At the Republican National Convention last Wednesday, Democratic presidential candidate and Massachusetts Sen. John Kerry took center stage as the whipping boy for keynote speaker Sen. Zell Miller (D-Ga.) and Vice President Dick Cheney. Despite the convention’s theme of “A Safer World and a More Hopeful America,” there wasn’t much optimism in the politicians’ speeches as they tried to paint Kerry as a flip-flopper who is unfit to serve as this nation’s commander-in-chief, implicitly highlighting the dangers our country still faces.

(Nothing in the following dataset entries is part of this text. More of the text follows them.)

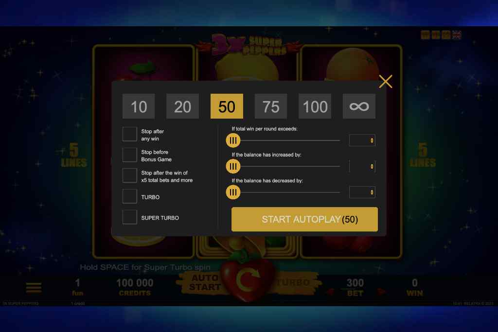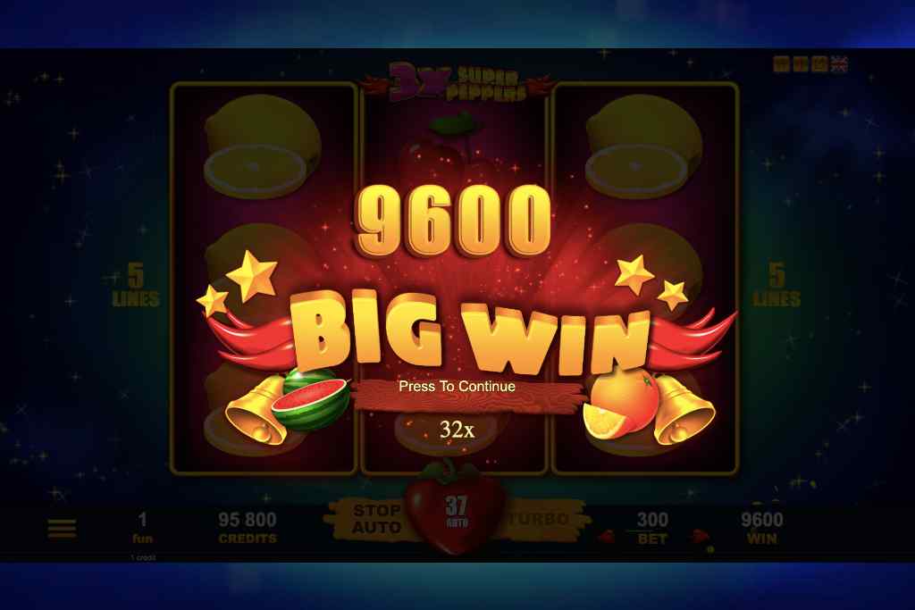 Волатильность 3x Super Peppers Ниже среднего, показатель RTP (процент возврата игроку ) составляет 96.32%.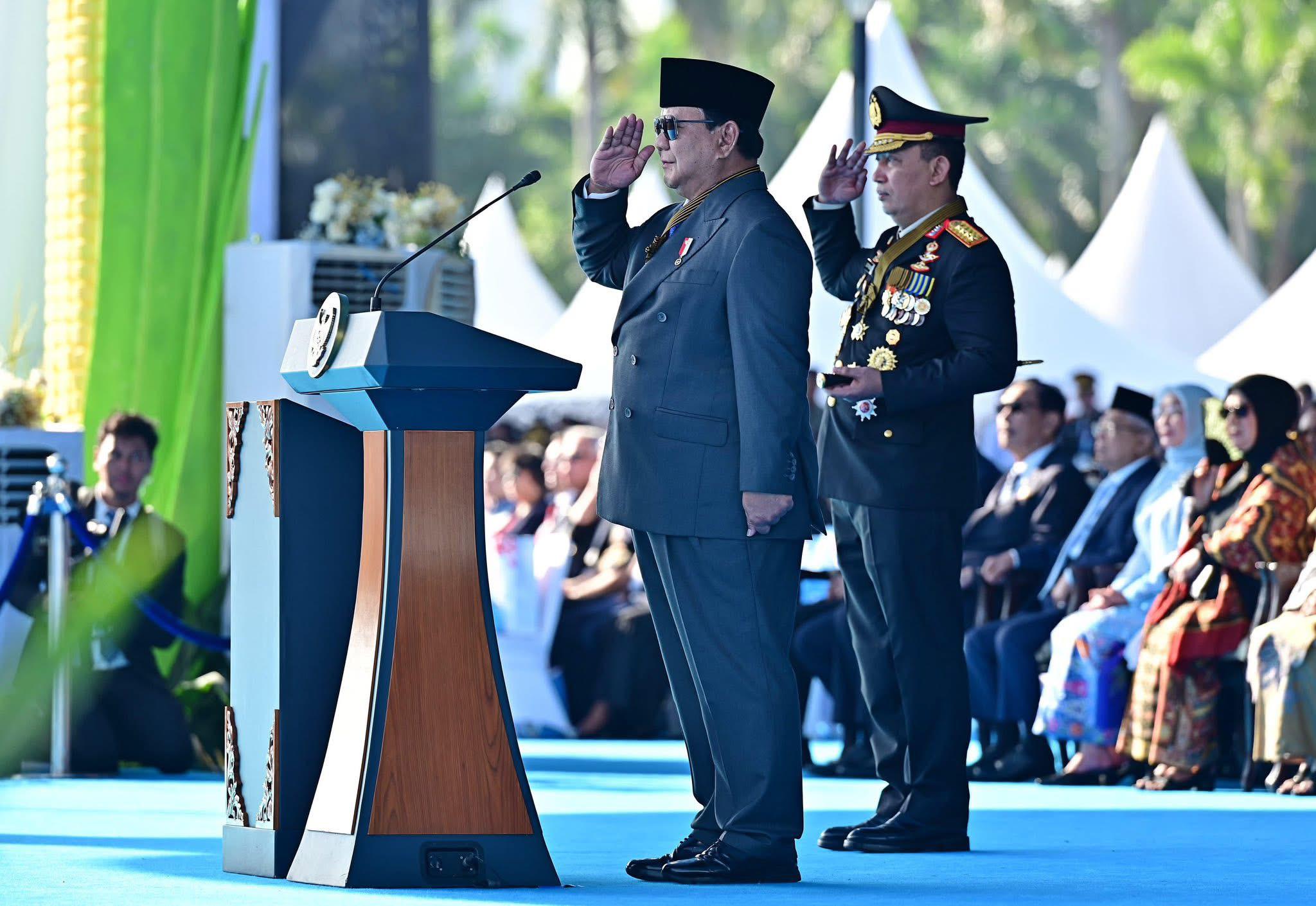Jakarta, -Presiden Prabowo Subianto bertindak selaku inspektur upacara memimpin jalannya Upacara Peringatan ke-79 Hari Bhayangkara Tahun 2025 yang digelar di Monumen Nasional (Monas), Jakarta, pada Selasa, 1 Juli 2025.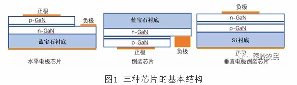 LED芯片类型从结构角度上主要分为三类:水平电极芯片,倒装芯片和垂直电极芯片。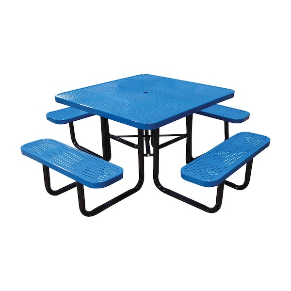 46" Square Picnic Table, Perforated Metal, Portable, Blue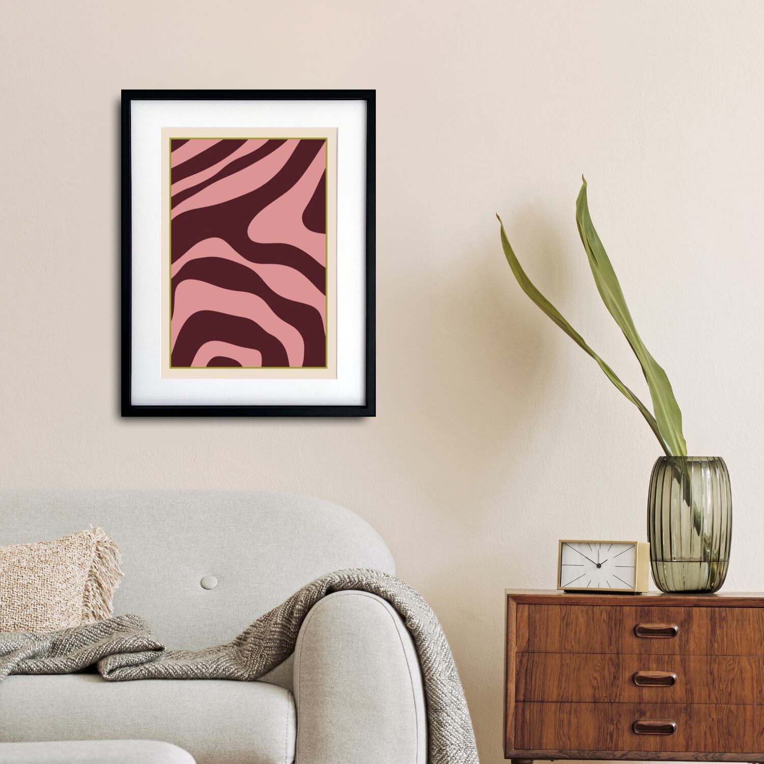 静寂の流れ Ⅴ|深く重なる曲線が生む静謐なミニマル抽象アートポスター|空間を整える洗練デザイン|A2ポスター
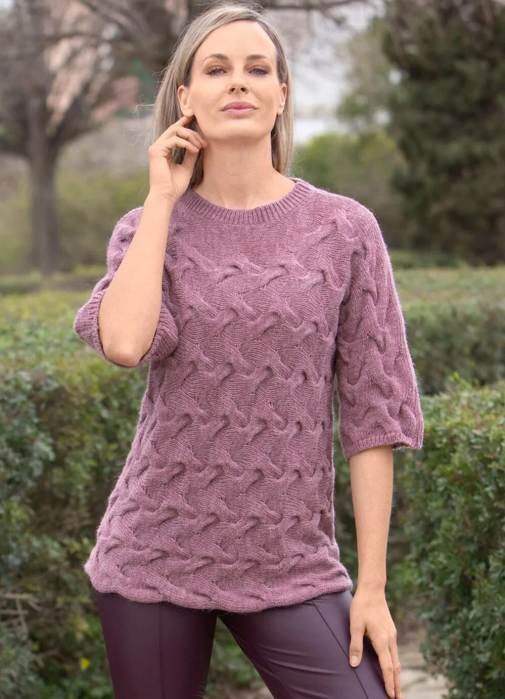 Pullover von TIZIA in effektvoller Modemasche mit aufwendiger Wellenstruktur allover, überschnittener Schulterpartie, gerippten Abschlüssen am runden Halsausschnitt und an den Ärmeln in modischer Länge sowie nach innen gerolltem und gewelltem Saumabschluss.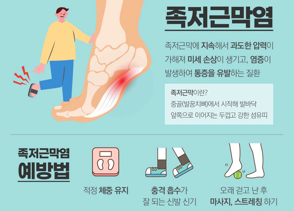 지난 2020년 건강보험심사평가원 통계에 따르면 족저근막염으로 치료받은 환자 수는 6월 39,406명, 7월 41,579명, 8월 39,197명으로 여름철에 가장 많았다. 잦은 야외활동과 함께 쿠션 없는 슬리퍼나 샌들, 납작구두 등을 착용할 경우 지면으로부터 가해지는 충격이 발바닥으로 직접 전해지면서 족저근막염의 원인이 될 수 있어 주의가 필요하다.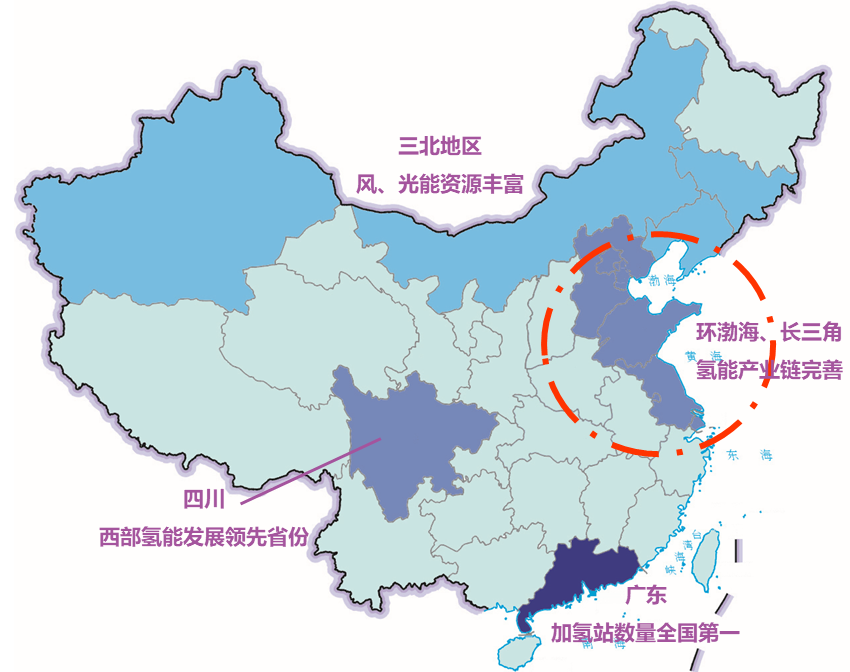 中國目前雖然是世界第一大產(chǎn)氫國,但各地氫能資源配置并不相同:能穩(wěn)定制取綠氫的風(fēng)、光電在三北地區(qū),水電在西南地區(qū);工業(yè)副產(chǎn)制氫零散遍布;而氫能產(chǎn)業(yè)基地集中在中東南地區(qū)。
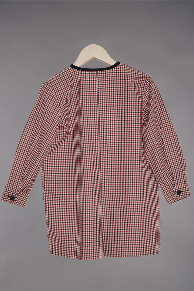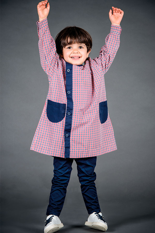 Bata de criança, decote redondo, a apertar na lateral com botões. Manga comprida com botão no punho. Na frente, bolsos de chapa, oval e cor contraste. Nas costas, macho ao centro.
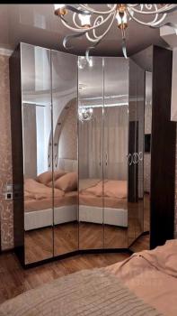 В спальне установлен полностью зеркальный модульный шкаф для вещей, кровать размерами 2х2 м. с большой системой хранения вещей , детский стол и стул, декоративная арка с отдельным освещением , кондиционер, телевизор Hyundai.

The attacks aren’t surprising, given that Bush strategists chose “Steady Leadership in Times of Change” as the campaign’s slogan early on. But the president has flip-flopped on at least one key issue, and that was his promise four years ago to be a “uniter, not a divider.” Democrats, Kerry included, were eager to accept the president’s apparently bipartisan proposals in the first years of his administration. The early glow of bipartisanship soon gave way, however, to Republicans’ stubborn insistence, regardless of the consequences, on keeping trillion-dollar tax cuts that primarily benefit the wealthiest of individuals.

In fact, it was this insistence that caused Kerry to make his now-infamous vote against the $87 billion appropriation for Iraq and Afghanistan. President George W. Bush in his convention speech last Thursday went so far as to accuse Kerry of being “against body armor,” even though it was Senate Democrats like Kerry who fought to make that provision part of the final version. The problem wasn’t body armor; it was our national debt. Kerry supported an amendment that would have paid for the extra spending by repealing a small part of the Bush tax cuts that went to the wealthiest – but Republicans wouldn’t hear of it.

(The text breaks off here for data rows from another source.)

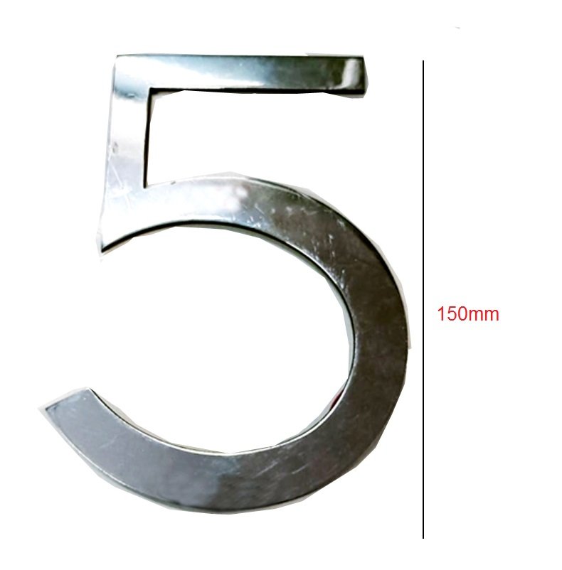 Brass “NO.5” Door House Numbers and Street Address Plaques Numbers for Residence and Mailbox Signs Chrome Finish
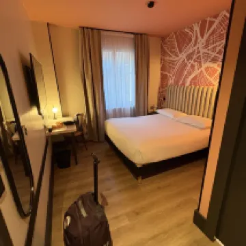 Phòng không nhỏ và có máy lạnh trung tâm. Bữa sáng đã bao gồm trong giá phòng và vị trí rất tốt, n*** đối diện ga tàu. Khách sạn có tủ khóa có cài đặt mật khẩu, rất tiện lợi. Nhìn chung, kỳ nghỉ của tôi rất hài lòng.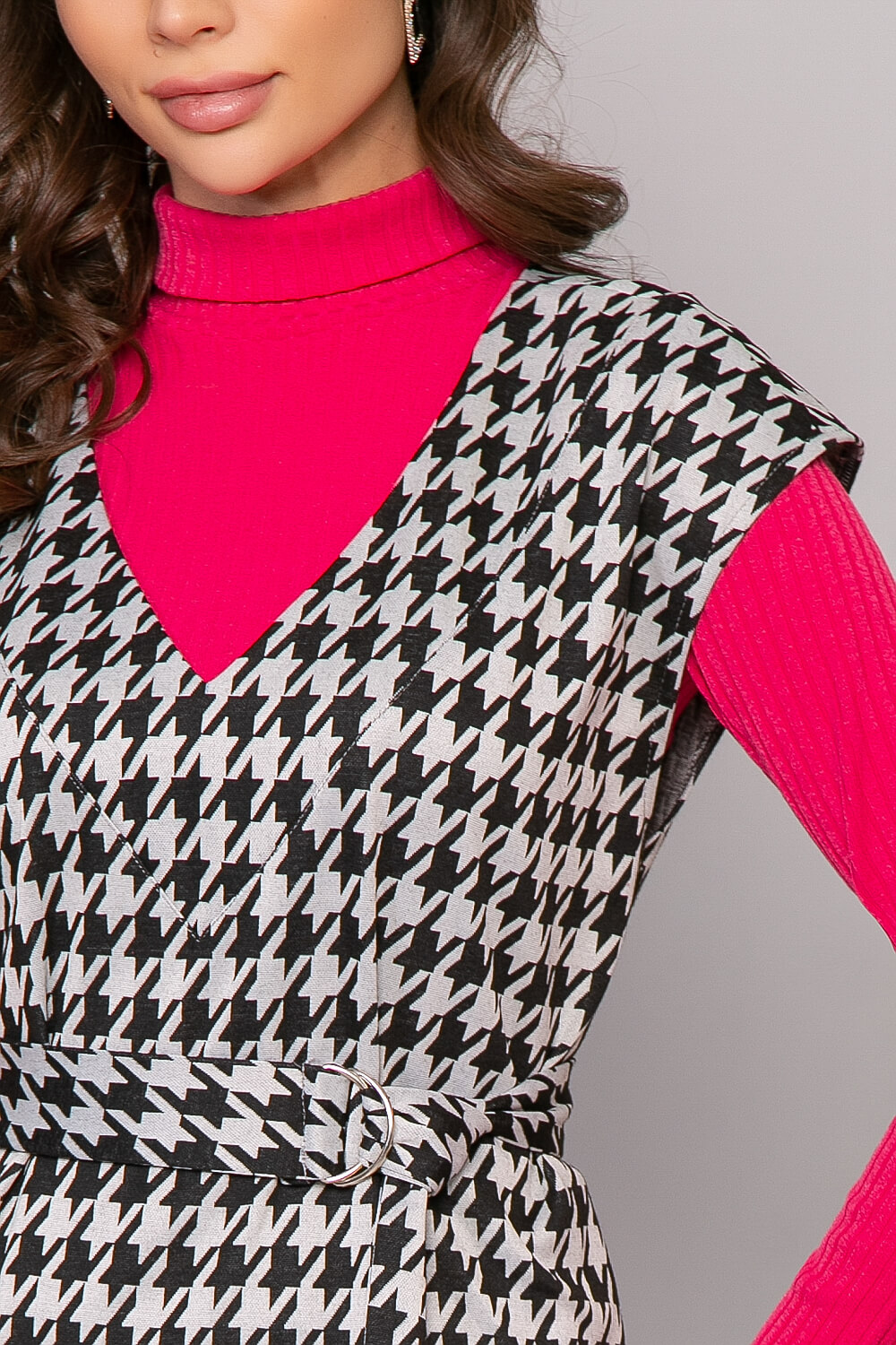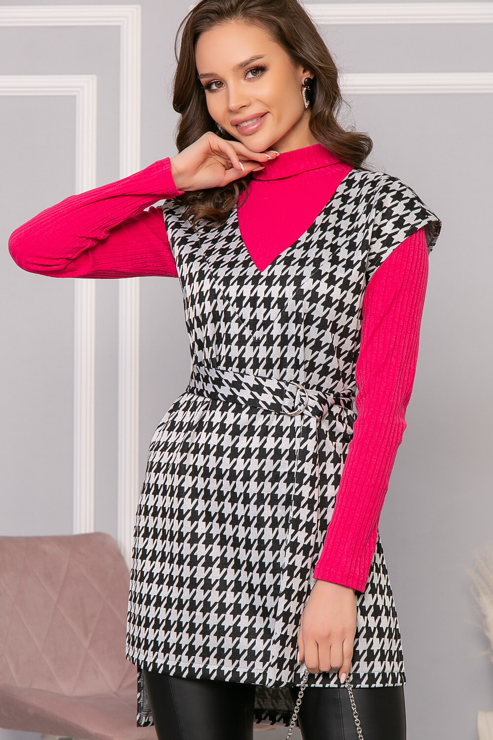 Удлинённый жилет с классическим принтом "Гусиная лапка" - абсолютно универсальная вещь. С ним можно надеть брюки любого кроя, джинсы, шорты, юбки и платья, водолазки, рубашки. С его помощью визуально вытягивается силуэт, придавая фигуре утонченность. В комплект входит пояс из основной ткани с металлической пряжкой-полукольцами. По бокам есть разрезы. Спинка удлинена.

Instead of providing real solutions for the issues facing our nation, Republicans are using Kerry’s votes in the Senate to distort his record and steal his character. Perhaps if Bush had had to vote on some of the things he has done over his four years as president, the public might be more aware that he has been both for and against the creation of the 9/11 commission, for and against full funding of student loans, for and against nation-building, for and against a Department of Homeland Security, and so on. Need I even mention that within the space of last week, our president has said we both can and can’t win the war on terror?

The issues Republicans accuse Kerry of changing positions on, meanwhile, particularly those concerning Bush’s policies, have themselves changed considerably since Congress first approved them. When Kerry first voted for the Iraq war resolution, Bush was promising military action would be a last resort. Instead, the president made the decision to invade before inspectors could finish their work. The decision left key allies behind, increasing the burden on our troops and taxpayers. As Vanessa Kerry said in her VCU appearance last Wednesday, “a quick decision is not a good one.”

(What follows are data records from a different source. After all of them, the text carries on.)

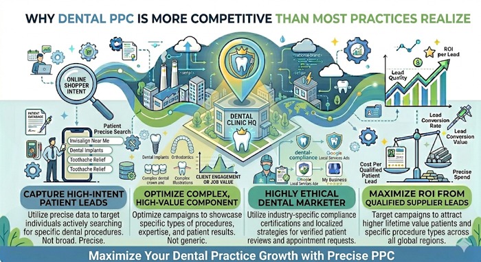 When someone searches “emergency dentist near me” or “Invisalign consultation,” they are ready to book. They will call the first practice that appears, looks credible, and makes the next step easy. General dental PPC campaigns that send all clicks to a homepage lose that patient in under ten seconds.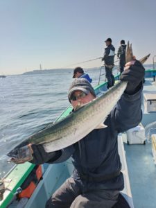 前半は南西の風が強目に吹いてウネリが高くほぼアタリが出ませんでしたが、風向きが北寄りに変わって少しずつウネリがおさまり始めてからやっと1つ目のサワラをキャッチ出来ました。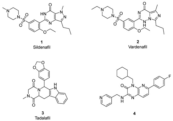 Phosphodiesterase enzyme (PDE) plays an important role in regulating the intracellular level of cyclic guanosine monophosphate (cGMP), the second messenger of nitric oxide [1,2,3,4]. cGMP is hydrolyzed by phosphodiesterase enzyme into its inactive metabolite 5′-GMP which mediates a significant elevation of intracellular calcium concentration, resulting in vascular constriction [1,5]. Eleven subtypes of phosphodiesterase family have been described (PDE1–11) [6]. PDE5 is expressed mainly in vascular smooth muscle cells, lung, kidney, and platelets [5,7,8]. Inhibition of PDE5 results in elevation of cGMP and finally leads to vascular relaxation and reduction in systemic blood pressure [9,10]. Therefore, PDE5 inhibitors can be considered potential antihypertensive and antianginal agents. Moreover, the discovery of sildenafil (1, Viagra®, PDE5 inhibitor) revealed its potential use in the treatment of male erectile dysfunction [1,5,8,11,12]. Recently, it was approved for the treatment of pulmonary hypertension (Revatio®) [1,12]. In addition, it was reported for the treatment of cardiac hypertrophy [13,14]. Further structural optimization of sildenafil has driven the development of a new PDE5 inhibitor agent such as vardenafil (2, Levitra®) [1,7,15] and tadalafil (3, Cialis®) [1,16] (Figure 1).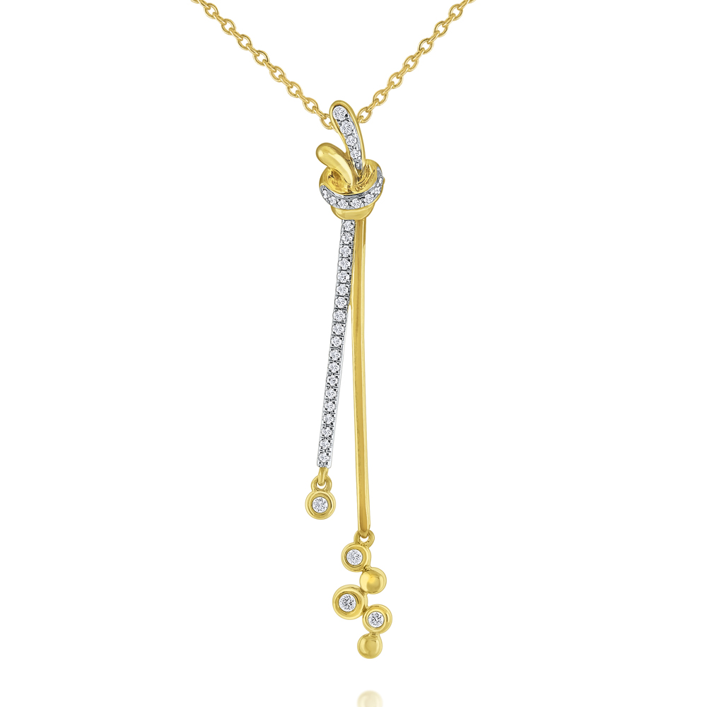 Diamonds set in bezels create a playful bubble design that swing freely on an adjustable golden chain.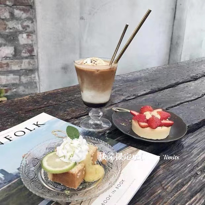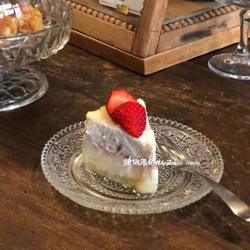 ins高颜值玻璃盘 复古浮雕花纹玻璃碟早餐盘果盘零小食碟平盘圆形
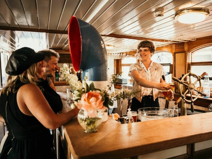 The "Kaiser Friedrich" provides not only a nostalgic atmosphere but also cozy seating, a well-stocked on-board bar, light snacks, and fascinating insights into Berlin's history. It's an ideal way to spend the latter part of your day in the city after exploring Friedrichshain.

In the case of No Child Left Behind, Bush’s education reform package, the funding required to make the bill a success never materialized. Instead of fully funding education, Republicans again chose to keep the part of the tax cuts that benefit the wealthy. The result has been teachers and schools struggling to meet the new requirements of the test without the necessary tools. If Senator Kerry is guilty of anything in this situation, it was trusting President Bush when he said he would fund his education reform. Meanwhile, our states have been left to pay the price.

In 2000, Republicans promised to pay down the national debt, calling the directive “both a sound policy goal and a moral imperative.” But since then, they have suggested that “deficits don’t matter,” choosing consistently instead to reward their wealthy supporters, from the $7 billion no-bid contract in Iraq to eliminating the taxes on stock dividends, a major source of income for people like Bill Gates. What we didn’t hear about at last week’s convention was our record – and growing – national debt, which is letting the wealthy off the hook and leaving us with the bill.

There’s optimism, and then there’s reckless ignorance.